While sometimes it may be appropriate to cite an authority to support a point, often it is not. In particular, an appeal to authority is inappropriate if:
1. the person is not qualified to have an expert opinion on the subject,
2. experts in the field disagree on this issue.
3. the authority was making a joke, drunk, or otherwise not being serious
A variation of the fallacious appeal to authority is hearsay. An argument from hearsay is an argument which depends on second or third hand sources.
1. Noted psychologist Dr. Frasier Crane recommends that you buy the EZ-Rest Hot Tub.
2. Economist John Kenneth Galbraith argues that a tight money policy s the best cure for a recession. (Although Galbraith is an expert, not all economists agree on this point.)
3. We are headed for nuclear war. Last week Ronald Reagan remarked that we begin bombing Russia in five minutes. (Of course, he said it as a joke during a microphone test.)
4. My friend heard on the news the other day that Canada will declare war on Serbia. (This is a case of hearsay; in fact, the reporter said that Canada would not declare war.)
5. The Ottawa Citizen reported that sales were up 5.9 percent this year. (This is hearsay; we are not n a position to check the Citizen’s sources.)
Proof: Show that either (i) the person cited is not an authority in the field, or that (ii) there is general disagreement among the experts in the field on this point.
The authority in question is not named. This is a type of appeal to authority because when an authority is not named it is impossible to confirm that the authority is an expert. However the fallacy is so common it deserves special mention.
A variation on this fallacy is the appeal to rumour. Because the source of a rumour is typically not known, it is not possible to determine whether to believe the rumour. Very often false and harmful rumours are deliberately started in order to discredit an opponent.

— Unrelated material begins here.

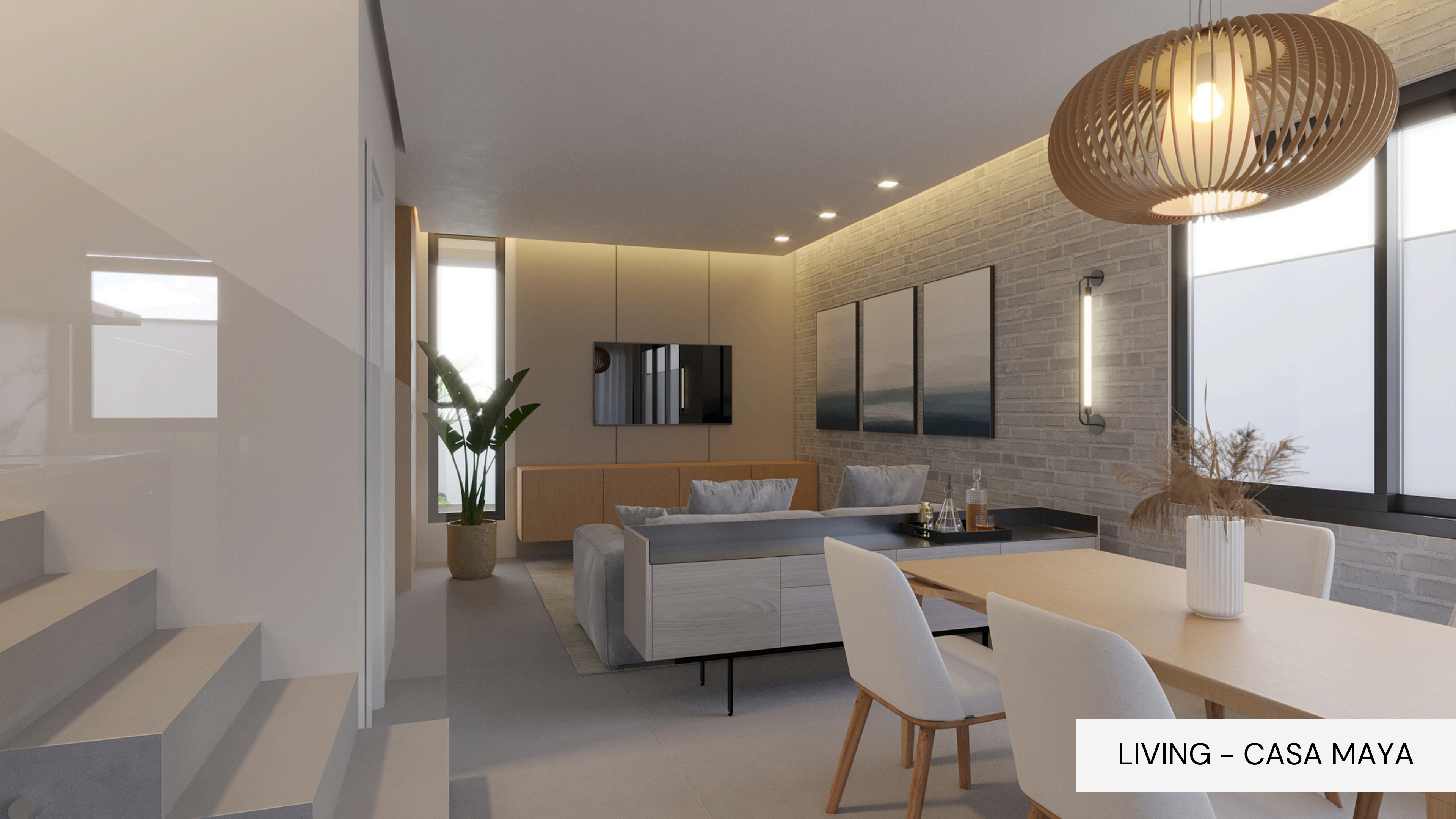
LIVING - CASA MAYA

1. A government official said today that the new gun law will be proposed tomorrow.
2. Experts agree that the best way to prevent nuclear war is to prepare for it.
3. It is held that there are more than two million needless operations conducted every year.

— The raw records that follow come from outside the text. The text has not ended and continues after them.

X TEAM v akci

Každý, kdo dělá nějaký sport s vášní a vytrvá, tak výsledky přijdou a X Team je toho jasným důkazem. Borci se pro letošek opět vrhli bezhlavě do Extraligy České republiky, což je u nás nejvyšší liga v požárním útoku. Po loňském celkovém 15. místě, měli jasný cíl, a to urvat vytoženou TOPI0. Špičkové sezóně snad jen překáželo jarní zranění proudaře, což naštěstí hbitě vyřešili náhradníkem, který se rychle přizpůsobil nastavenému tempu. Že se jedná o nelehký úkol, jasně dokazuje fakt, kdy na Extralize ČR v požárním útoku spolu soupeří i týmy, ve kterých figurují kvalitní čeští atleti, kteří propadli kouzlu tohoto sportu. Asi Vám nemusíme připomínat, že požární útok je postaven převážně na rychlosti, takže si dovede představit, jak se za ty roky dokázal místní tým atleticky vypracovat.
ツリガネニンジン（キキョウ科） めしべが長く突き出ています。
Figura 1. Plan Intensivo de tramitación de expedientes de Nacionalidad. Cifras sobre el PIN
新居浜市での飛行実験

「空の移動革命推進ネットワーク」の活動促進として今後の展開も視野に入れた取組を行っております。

4. Rumour has it that the Prime Minster will declare another holiday in October.
Proof: Argue that because we don’t know the source of the information we have no way to evaluate the reliability of the information.
The manner in which an argument (or arguer) is presented is taken to affect the likelihood that the conclusion is true.

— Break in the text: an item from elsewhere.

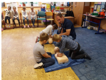
Den pro záchranu života - nácvik resuscitace

Výběh školních akcí je opravdu pestrý. Uspěli jsme celkem pět zotavovacích zájezdů (lyžařský výcvik pro druhý stupeň, dva zimní ozdravné pobyty pro první stupeň a dva školy v přírodě). Žáci se svými učiteli absolvovali jednodenní nebo vícedenní výlety a exkurze. Své akce si zorganizovala také školní družina.
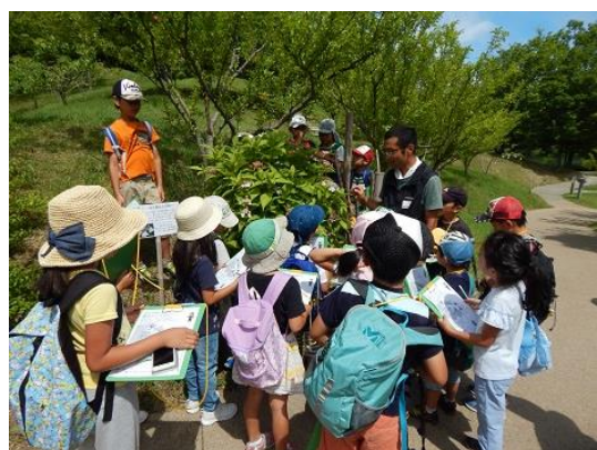
精華まなび体験教室(自然体)

1. Nixon lost the presidential debate because of the sweat on his forehead.
2. Trudeau knows how to move a crowd. He must be right.
3. Why don’t you take the advice of that nicely dressed young man?
Proof: While it is true that the manner in which an argument is presented will affect whether people believe that its conclusion is true, nonetheless, the truth of the conclusion does not depend on the manner in which the argument is presented. In order to show that this fallacy is being committed, show that the style in this case does not affect the truth or falsity of the conclusion.